**Task goal**
In the entries that follow, the lines from the line containing "Алмазная мозаика ТРИ" up to and including the line containing "According to a" must be copied exactly, with pictures omitted.

**Input for this task**
********
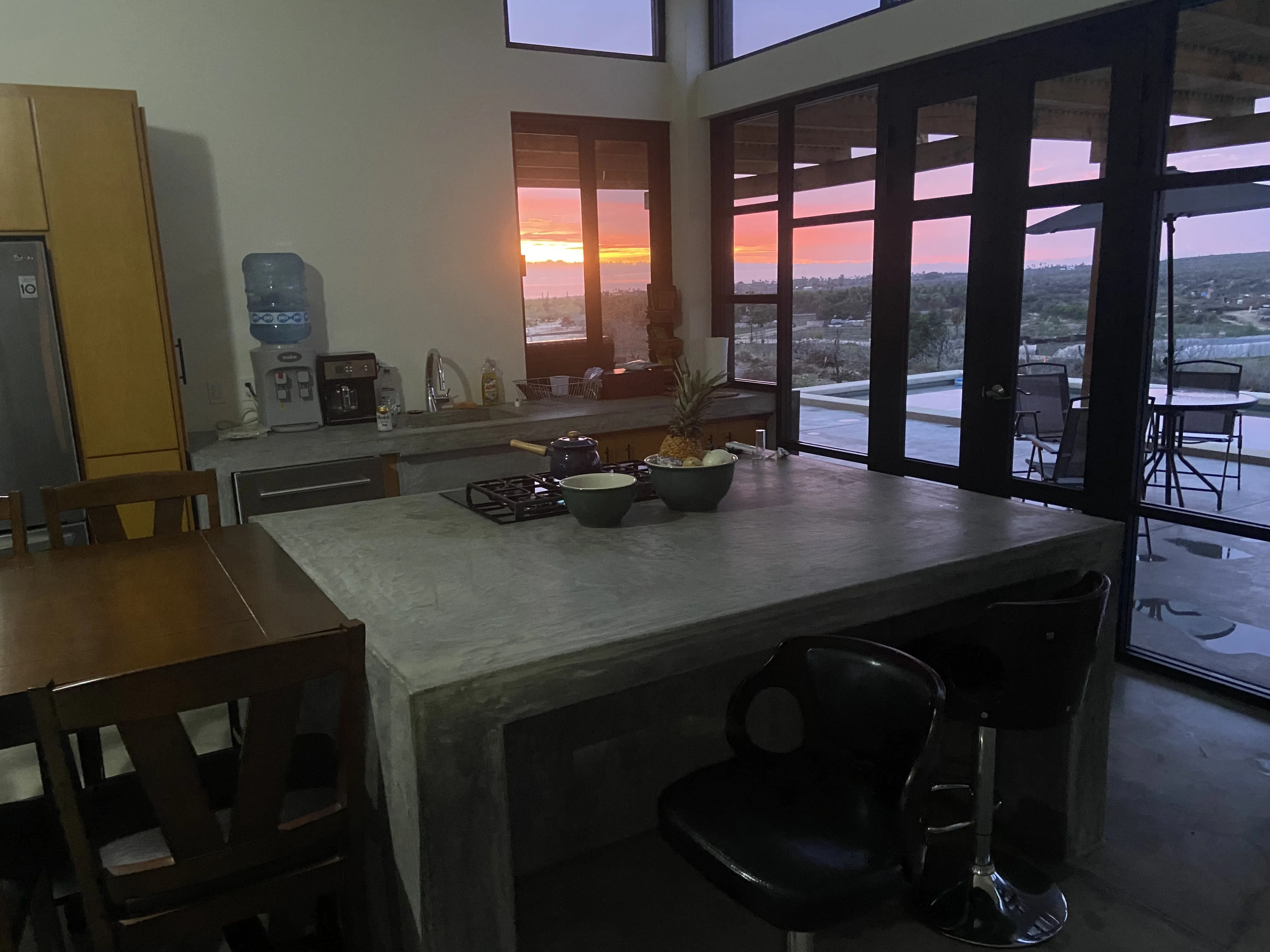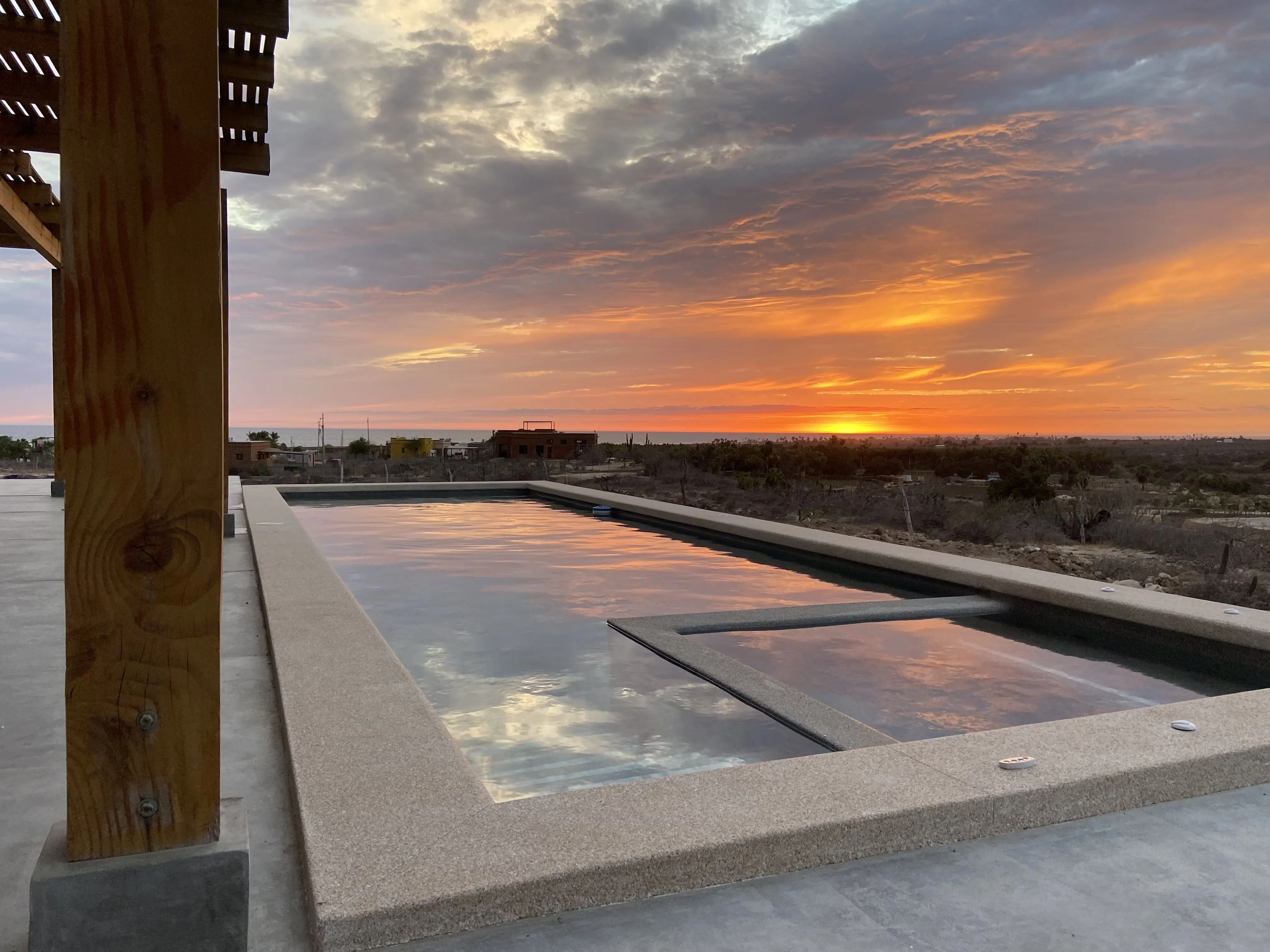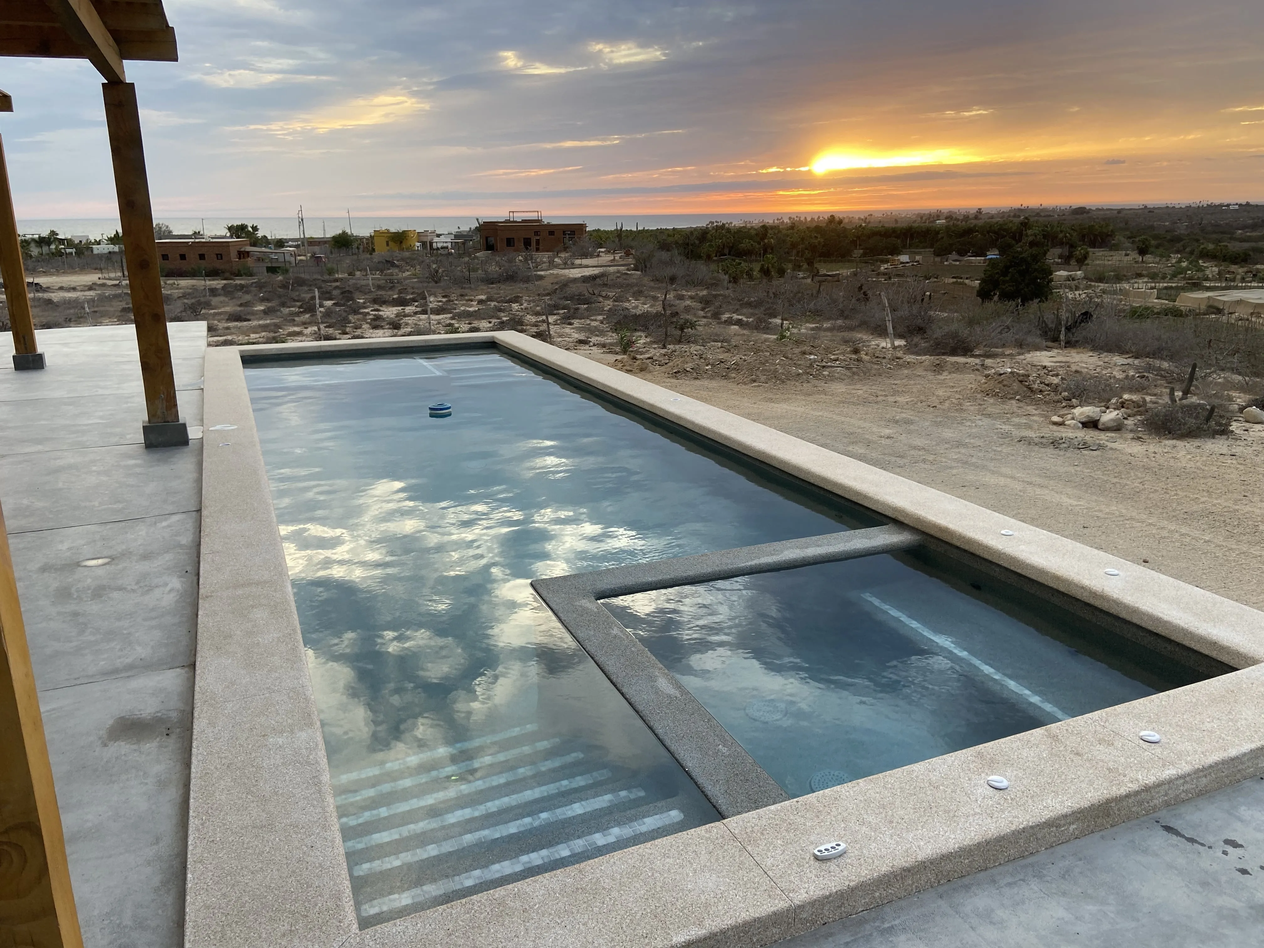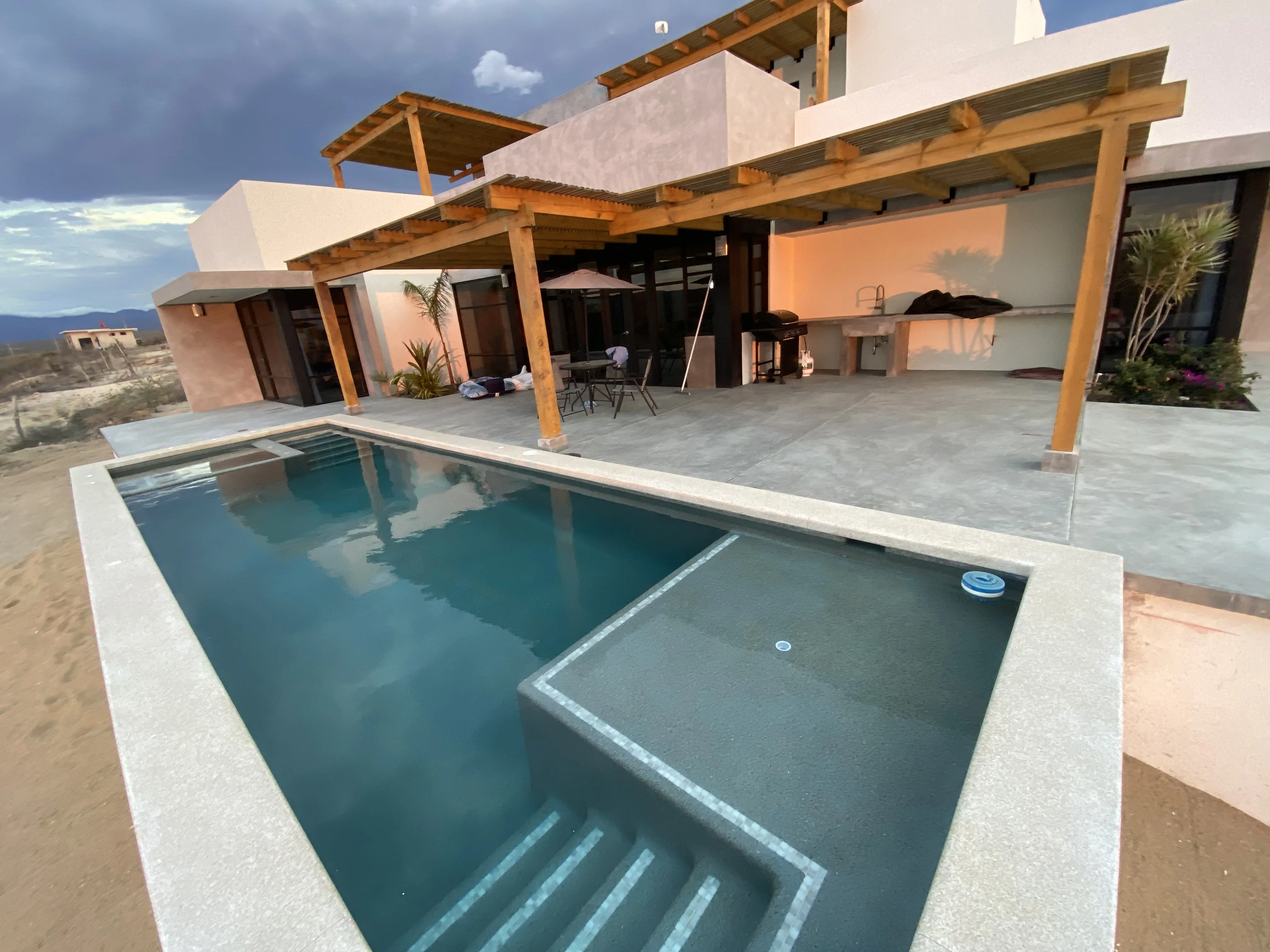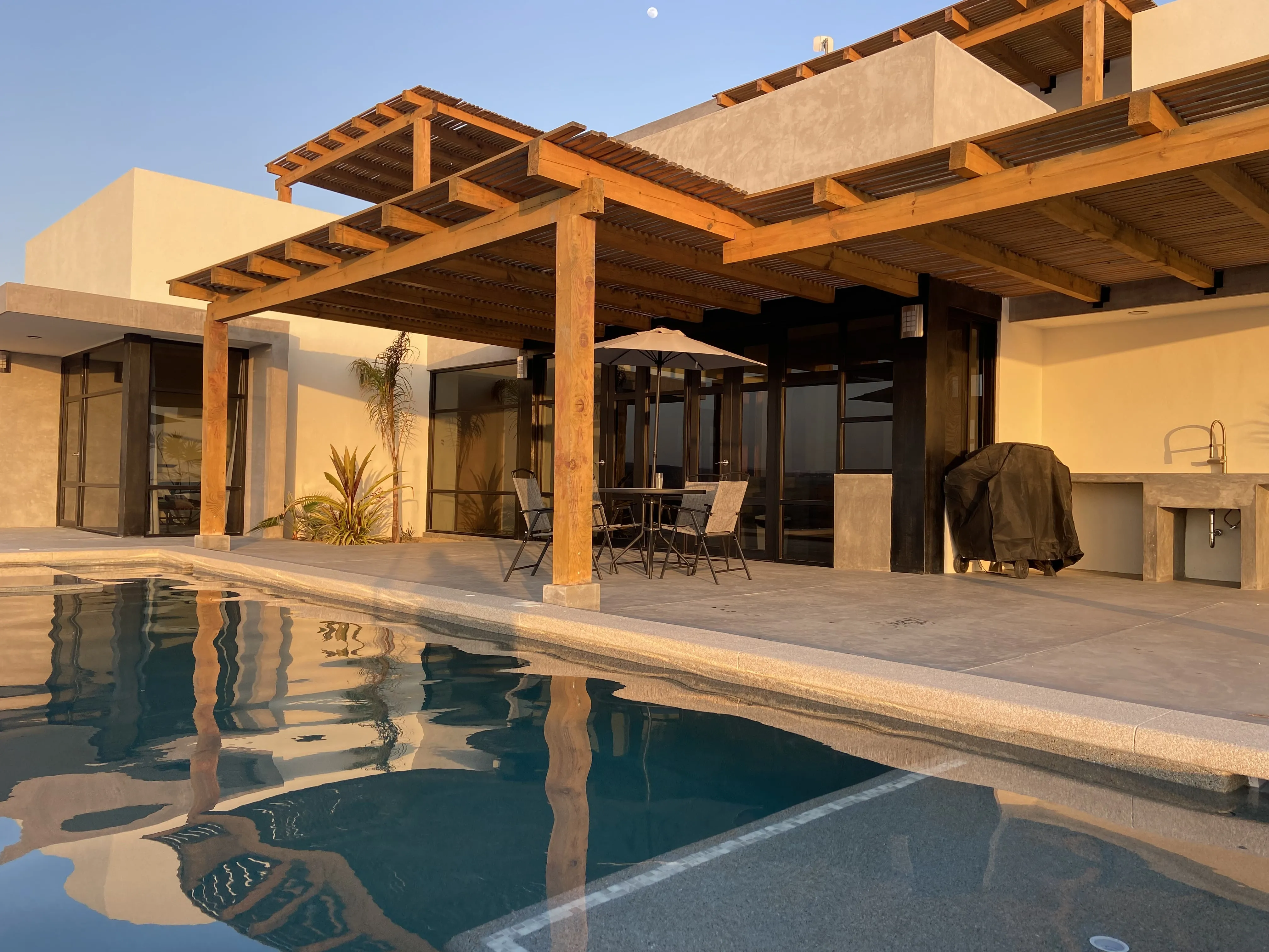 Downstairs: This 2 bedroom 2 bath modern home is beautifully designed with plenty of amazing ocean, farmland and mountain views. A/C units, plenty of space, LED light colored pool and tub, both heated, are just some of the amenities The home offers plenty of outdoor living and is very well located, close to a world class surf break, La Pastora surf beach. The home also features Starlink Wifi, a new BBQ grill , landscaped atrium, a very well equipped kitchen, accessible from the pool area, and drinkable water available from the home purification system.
********
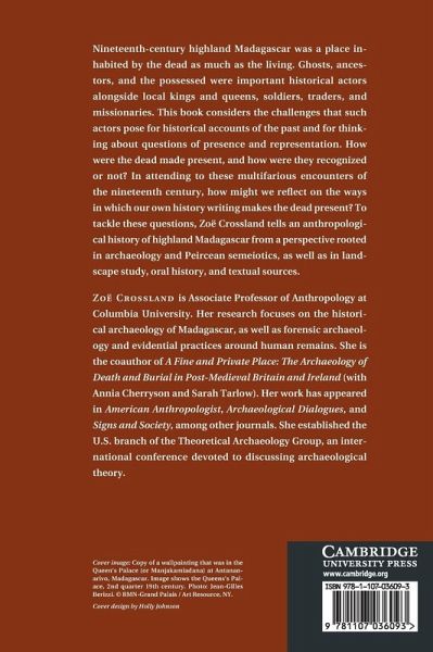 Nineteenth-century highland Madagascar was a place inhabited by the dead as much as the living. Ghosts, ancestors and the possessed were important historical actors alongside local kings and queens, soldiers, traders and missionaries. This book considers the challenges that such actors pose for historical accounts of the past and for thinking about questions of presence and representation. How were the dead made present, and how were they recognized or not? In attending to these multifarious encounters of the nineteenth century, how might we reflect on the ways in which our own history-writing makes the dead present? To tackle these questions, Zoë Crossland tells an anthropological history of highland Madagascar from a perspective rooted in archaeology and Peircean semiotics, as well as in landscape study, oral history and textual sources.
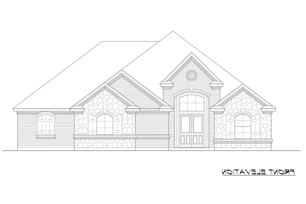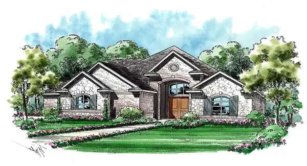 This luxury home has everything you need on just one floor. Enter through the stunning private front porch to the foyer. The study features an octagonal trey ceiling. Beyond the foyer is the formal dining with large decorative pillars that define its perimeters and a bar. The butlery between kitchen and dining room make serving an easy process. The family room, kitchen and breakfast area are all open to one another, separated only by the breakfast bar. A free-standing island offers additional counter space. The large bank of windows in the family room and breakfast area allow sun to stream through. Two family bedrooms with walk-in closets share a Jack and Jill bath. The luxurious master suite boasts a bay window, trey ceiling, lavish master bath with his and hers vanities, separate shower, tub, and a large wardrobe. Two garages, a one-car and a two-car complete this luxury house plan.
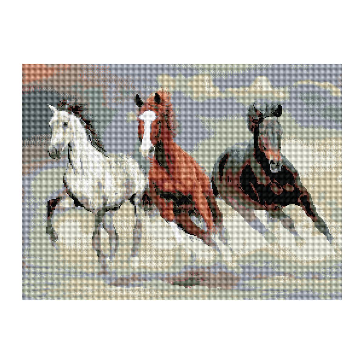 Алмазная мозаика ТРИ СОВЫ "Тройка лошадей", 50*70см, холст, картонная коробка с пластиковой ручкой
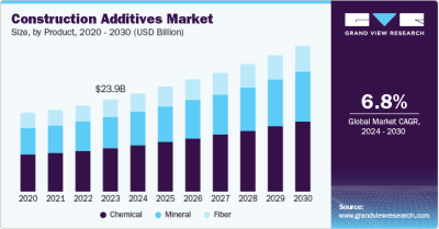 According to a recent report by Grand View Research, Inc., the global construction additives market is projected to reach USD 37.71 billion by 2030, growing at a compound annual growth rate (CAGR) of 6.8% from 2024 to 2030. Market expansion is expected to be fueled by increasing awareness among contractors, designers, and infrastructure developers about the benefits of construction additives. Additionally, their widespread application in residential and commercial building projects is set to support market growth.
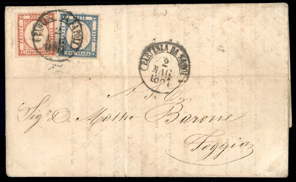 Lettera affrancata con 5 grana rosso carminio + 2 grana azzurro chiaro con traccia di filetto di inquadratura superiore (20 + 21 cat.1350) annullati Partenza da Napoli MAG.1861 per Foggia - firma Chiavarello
********
**Task solution**
 Алмазная мозаика ТРИ СОВЫ "Тройка лошадей", 50*70см, холст, картонная коробка с пластиковой ручкой
 According to a recent report by Grand View Research, Inc., the global construction additives market is projected to reach USD 37.71 billion by 2030, growing at a compound annual growth rate (CAGR) of 6.8% from 2024 to 2030. Market expansion is expected to be fueled by increasing awareness among contractors, designers, and infrastructure developers about the benefits of construction additives. Additionally, their widespread application in residential and commercial building projects is set to support market growth.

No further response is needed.